For Task Publisher — Celery Beat

from celery import Celery
from celery_control import setup_publisher

app = Celery()

setup_publisher(start_wsgi_server=True)  # For beat or standalone publishers

For Task Publishers — WSGI Server

import os

from celery_control import setup_publisher
from django.core.wsgi import get_wsgi_application

os.environ.setdefault('DJANGO_SETTINGS_MODULE', 'server.settings')

application = get_wsgi_application()

setup_publisher(start_wsgi_server=False)  # For server publishers

Environment Variables

  • CELERY_CONTROL_SERVER_HOST: Metrics server host (default: 0.0.0.0)
  • CELERY_CONTROL_SERVER_PORT: Metrics server port (default: 5555)
  • CELERY_CONTROL_SERVER_DISABLE_COMPRESSION: Disable compression (default: False)
  • CELERY_CONTROL_TRACKER_DAEMON_INTERVAL: Daemon update interval (default: 15)

Performance

Celery Control introduces minimal overhead compared to event-based monitoring solutions. Below are the performance test results comparing different configurations.
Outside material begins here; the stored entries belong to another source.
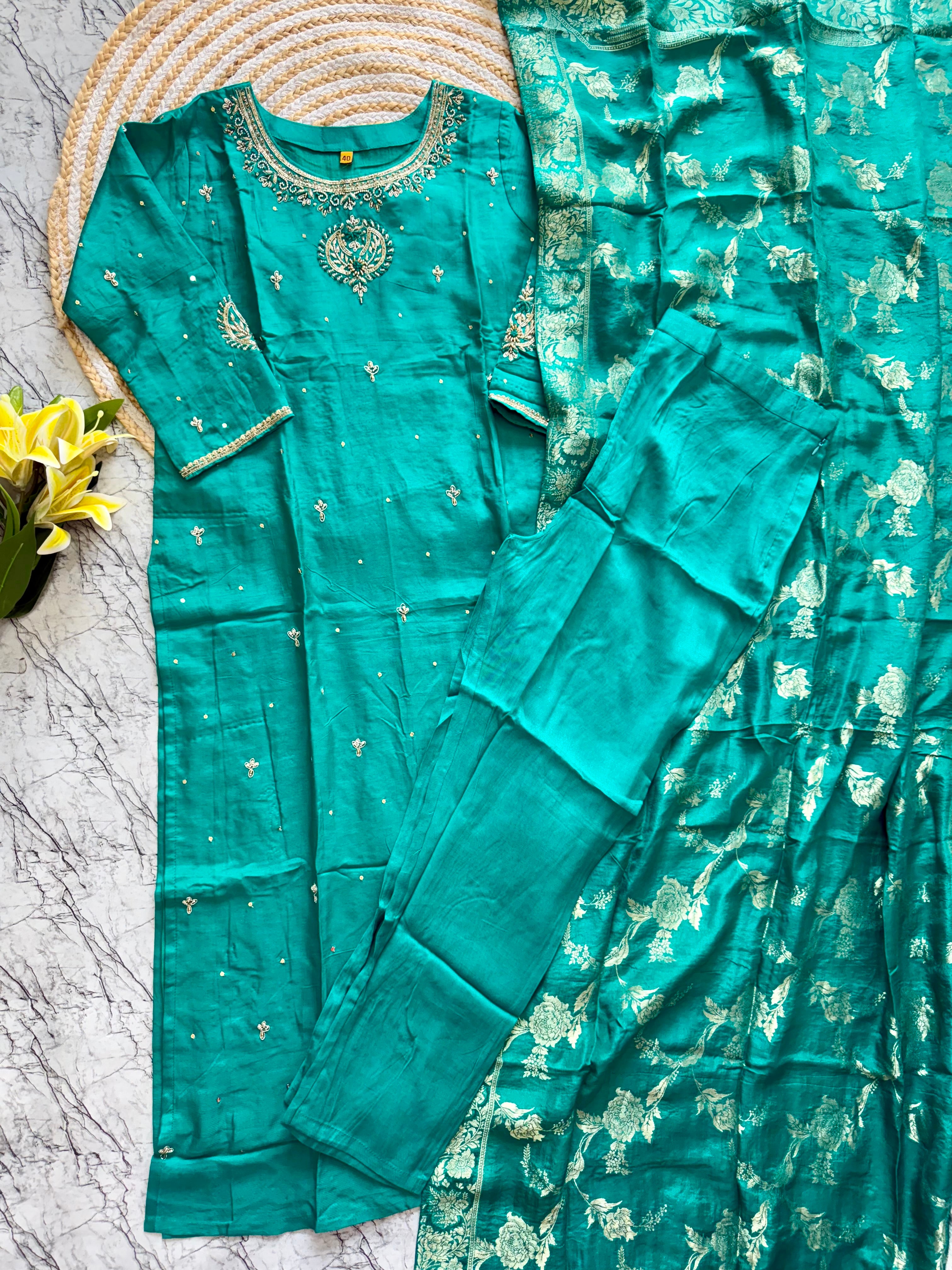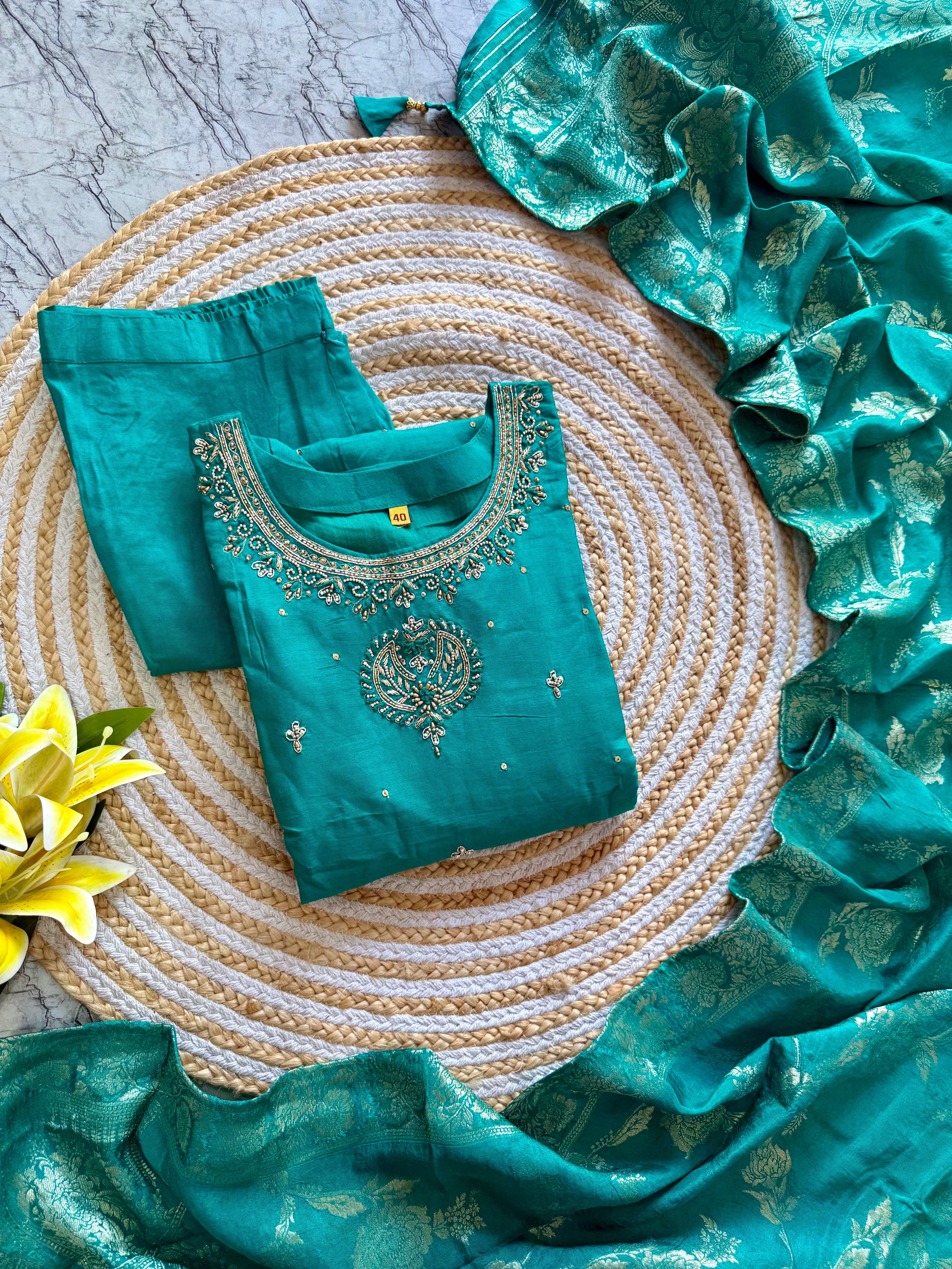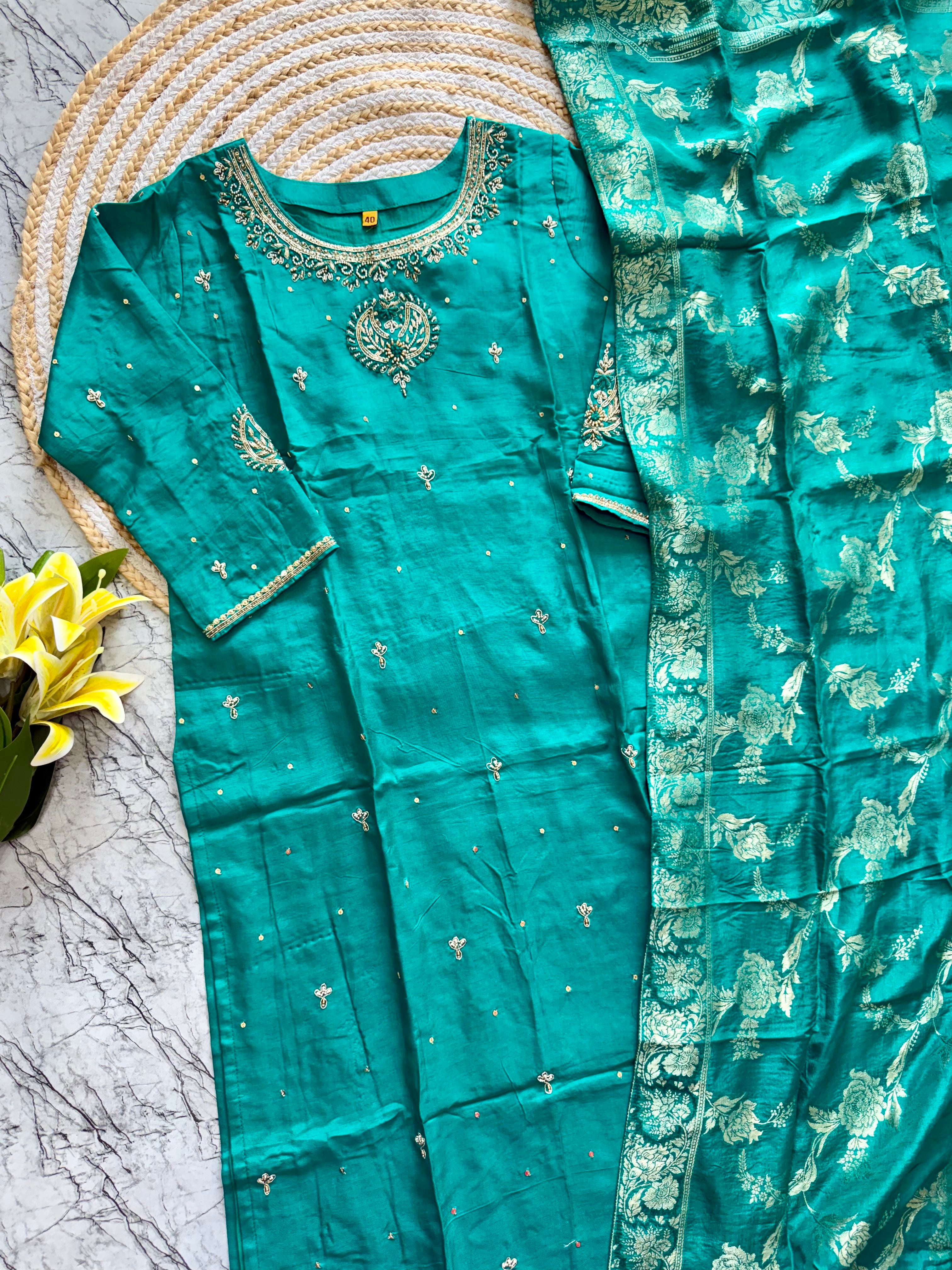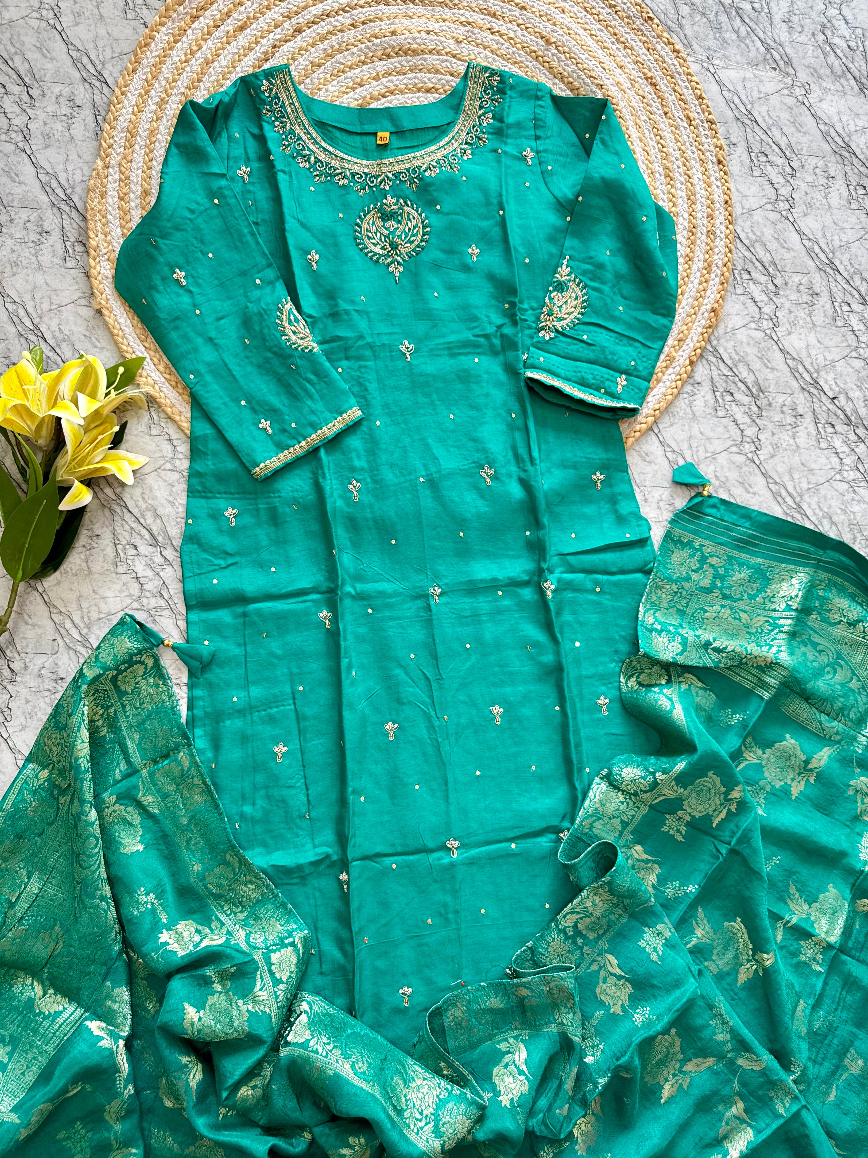 Premium range dola silk set with Handwork on the yoke, sleeves with a beautiful Banarasi dupatta and a plane dola silk bottom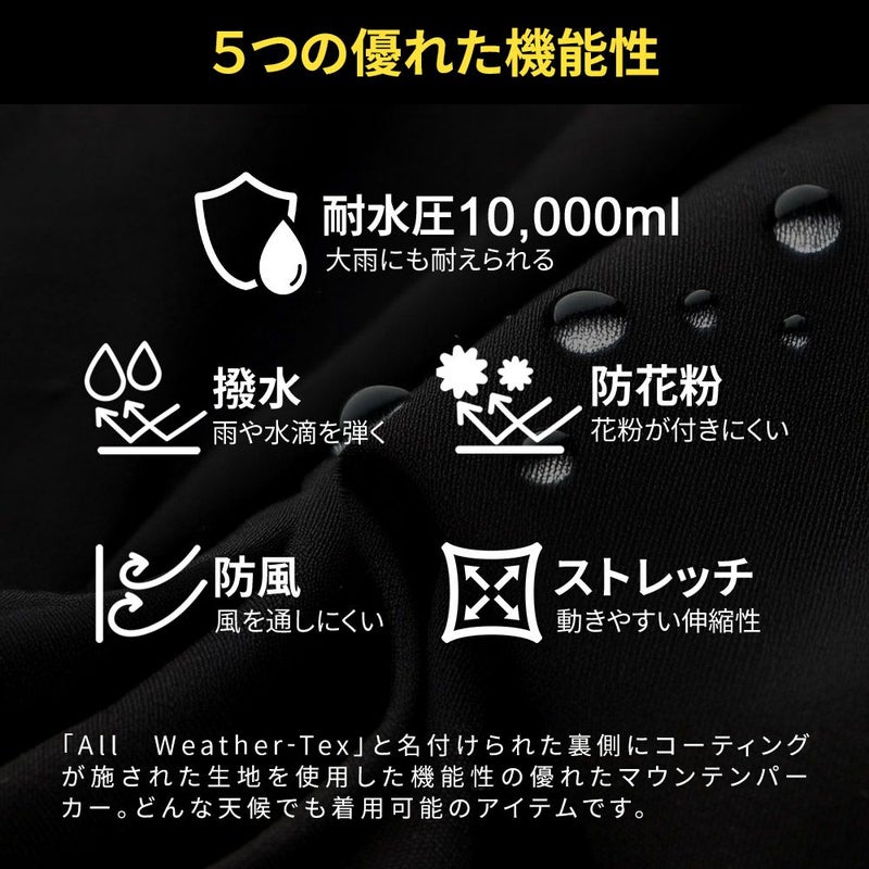 「耐水圧」「撥水」「防花粉」「防風」「ストレッチ」の5つの機能を兼ね備え、あらゆる環境に対応できる一着です。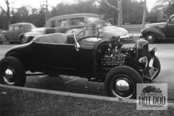 While on the Gow kick let’s fast forward to the late ’40s as we check out this ’27 body on a model A chassis stuffed with a 24 studder (MBB_505). We’ve dated the shot to ’48 and with the other shots that were with this one, we bet our shooter was on a side street in Los Angeles near the National Guard Armory on his way to attend the First Hot Rod Expo. We like the rag over the carbs to keep foreign objects from magically being sucked into them while parked.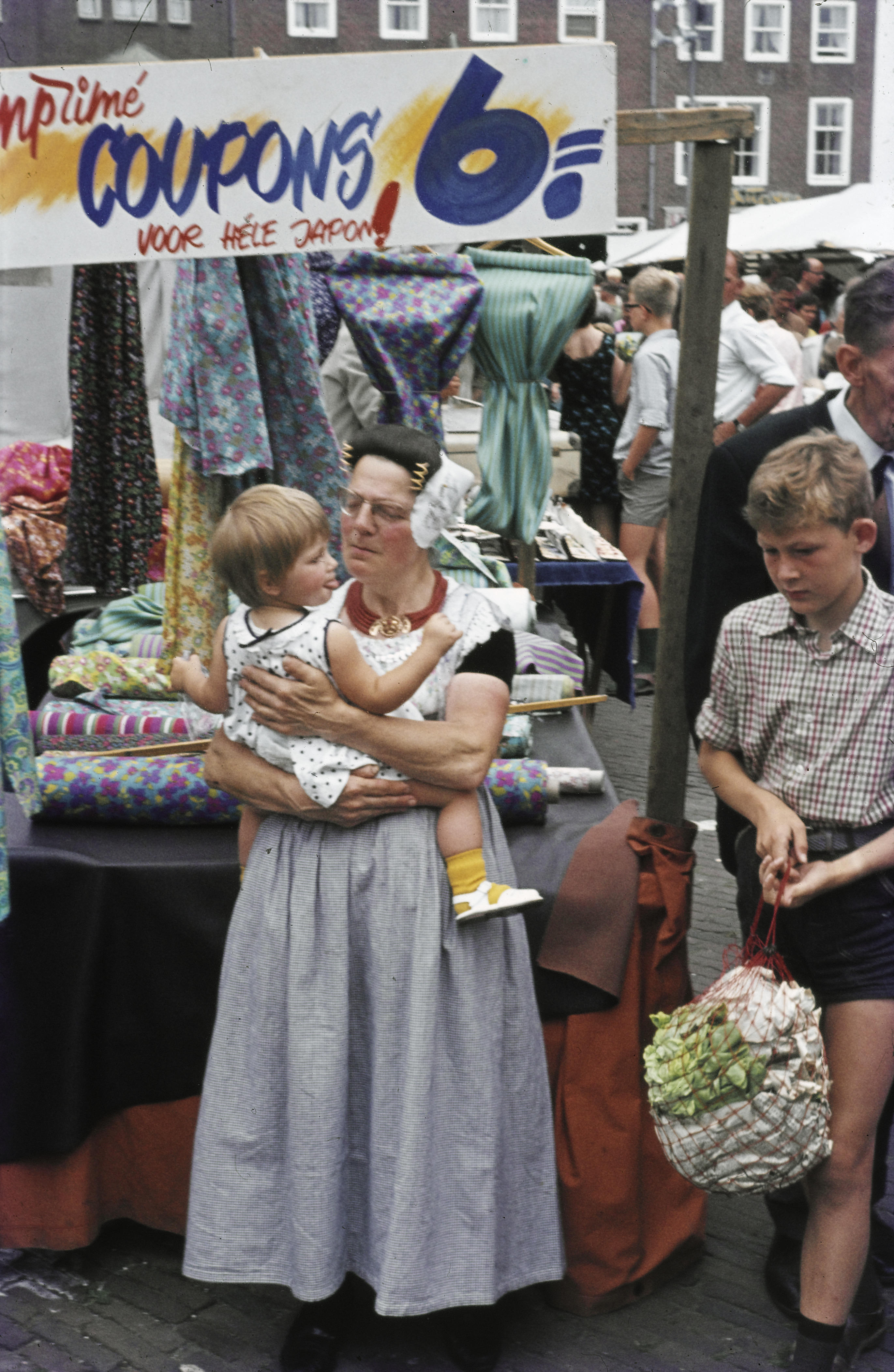 Vrouw in Walcherse streekdracht op de markt, 1969 (diapositief)

All tests conducted on MacBook M1 Pro with:

  • Log level: ERROR
  • Gossip, mingle, heartbeat: disabled
  • Prefetch multiplier: 1,000
  • Concurrency: 1

Test 1: Constant Load Simulation

  • Scenario: 100 batches of 1,000 tasks each (total: 100K tasks)
  • Execution: Publisher sends all tasks to queue, then worker processes them
  • Measurement: Median processing time per batch
  • Purpose: Simulates continuous workload with always-available tasks

Test 2: Temporary Load Simulation

  • Scenario: 10 batches of 1,000 tasks each, repeated 10 times (total: 100K tasks)
  • Execution: Each iteration: publish → start worker → process → stop worker
  • Measurement: Median of maximum processing times
  • Purpose: Simulates burst workload

Prefork Pool Results

Test 1 - Constant Load (Median TPS):
┌────────────────────────────────────────┐
│ Default:             2097 tasks/second │
│ With Events:         1252 tasks/second │
│ With Celery Control: 1968 tasks/second │
└────────────────────────────────────────┘

Test 2 - Temporary Load (Median Max Time):
┌────────────────────────────────────────┐
│ Default:             3191 tasks/second │
│ With Events:         1720 tasks/second │
│ With Celery Control: 2816 tasks/second │
└────────────────────────────────────────┘

Performance Impact:

  • Events: 40% reduction in Test 1, 46% in Test 2
  • Celery Control: 6% reduction in Test 1, 12% in Test 2

Threads Pool Results

Test 1 - Constant Load (Median TPS):
┌────────────────────────────────────────┐
│ Default:             2452 tasks/second │
│ With Events:         2038 tasks/second │
│ With Celery Control: 2285 tasks/second │
└────────────────────────────────────────┘

Test 2 - Temporary Load (Median Max Time):
┌────────────────────────────────────────┐
│ Default:             3672 tasks/second │
│ With Events:         2135 tasks/second │
│ With Celery Control: 3400 tasks/second │
└────────────────────────────────────────┘

Performance Impact:

  • Events: 17% reduction in Test 1, 42% in Test 2
  • Celery Control: 7% reduction in Test 1 and Test 2

Key Findings

  1. Event-based monitoring introduces significant overhead (17-46% reduction)
  2. Celery Control adds minimal overhead (6-12% reduction)
  3. Threads pool generally outperforms prefork pool
  4. Temporary load scenarios (Test 2) show more pronounced performance differences

Multiprocessing Mode

Enable multiprocessing mode by setting:

export PROMETHEUS_MULTIPROC_DIR=/path/to/metrics/dir

This allows metrics aggregation across multiple worker processes.

Metrics Reference

Counters

celery_task_accepted_total — Total number of accepted tasks.

Labels:

  • worker (string): Name of the worker that accepted the task
  • task (string): Name of the task that was accepted

celery_task_succeeded_total — Total number of successfully completed tasks.

Labels:

  • worker (string): Name of the worker that processed the task
  • task (string): Name of the task that was executed

celery_task_failed_total — Total number of tasks that failed with unhandled exceptions.

Labels:

  • worker (string): Name of the worker that processed the task
  • task (string): Name of the task that failed
  • exception (string): Type of exception that caused the failure

celery_task_retried_total — Total number of task retry attempts.

Labels:

  • worker (string): Name of the worker that processed the task
  • task (string): Name of the task being retried
  • exception (string): Reason for retry (exception type)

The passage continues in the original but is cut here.